Pair-wise sequence identity varies significantly by method

<< CD-HIT analysis
<< Comparing USEARCH and CD-HIT
Pair-wise identity varies by method
The pair-wise identity between two sequences depends on the alignment and the definition of identity. Alignments vary due to the use of different parameters such as gap penalties and substitution scores. Definitions of identity vary depending on the treatment of gaps. Link to definitions used here.

CD-HIT tends to produce gappy alignments due to the use of low gap penalties and mismatch scores, combined with a definition of %id that does not account for gaps in the shorter sequence. Compared to USEARCH, CD-HIT reports systematically higher %ids, which means that CD-HIT clusters are not directly comparable to USEARCH at a given identity threshold.

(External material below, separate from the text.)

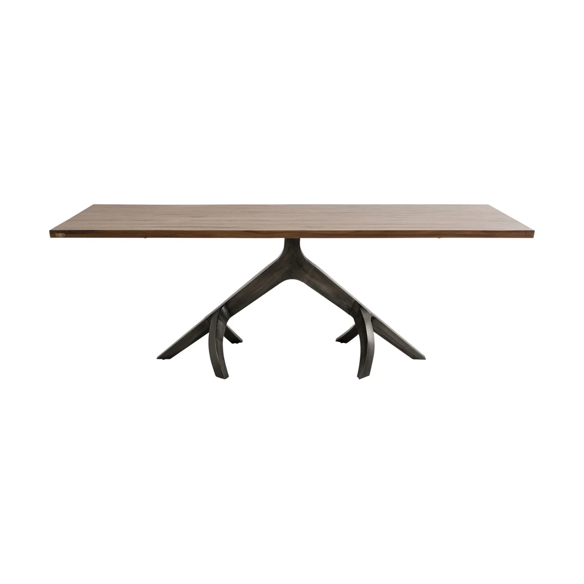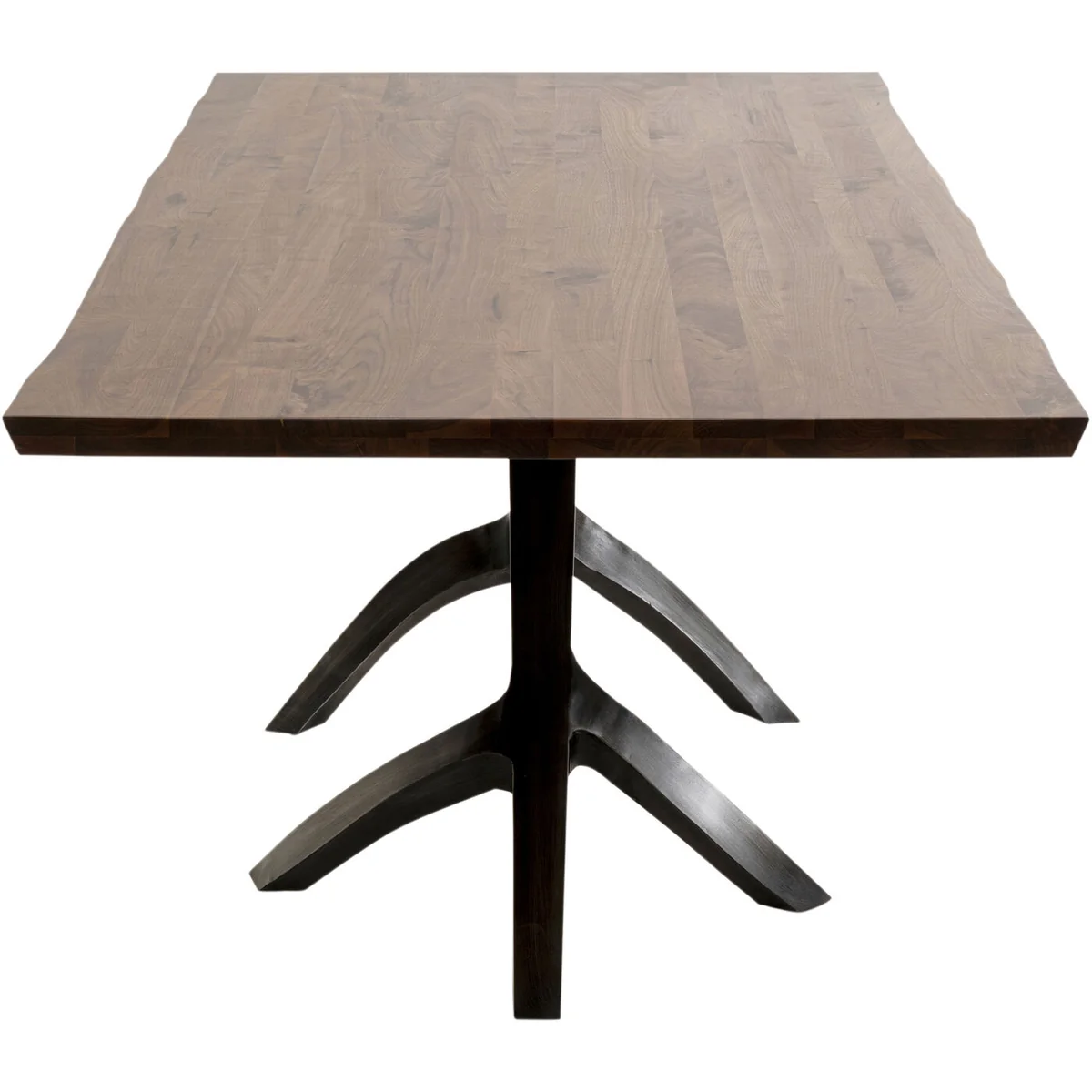 Anchor dining spaces with a rectangular Roots table in dark brown, scaled to seat six to eight comfortably. Natural wood grain adds depth and warmth across both rustic and modern interiors. Matches other pieces in the Roots collection for a consistent setting.

Below are alignments by CD-HIT, USEARCH and CLUSTALW of a pair of 16S rRNA reads (in FASTA format at bottom of this page). Terminal gaps are not shown. The pair has identity 97% according to CD-HIT and 86% according to USEARCH. See here for instructions on how to view CD-HIT alignments

The following table summarizes the %ids assigned to this pair of reads by different methods. The CD-HIT value stands out as anomalously high: 97%, compared with the next-largest value of 93.5% (CLUSTALW alignment with CD-HIT definition). Results from the MUSCLE alignment are also reported (alignment not shown).
  Identity definition (details)
CD-HIT 97.0% 89.6% 92.8%
USEARCH 86.1% 85.4% 86.7%
CLUSTALW 93.5% 87.4% 90.7%
MUSCLE 92.6% 85.6% 91.6%

How close are the reads taxonomically?
The RDP Naive Bayesian Classifier assigns these reads to different families in the same order. Since the RDP classifier uses an alignment-free method, we can assume that it is independent of alignment biases. In this example, the divergence reported by USEARCH is closer to the expected taxonomic divergence.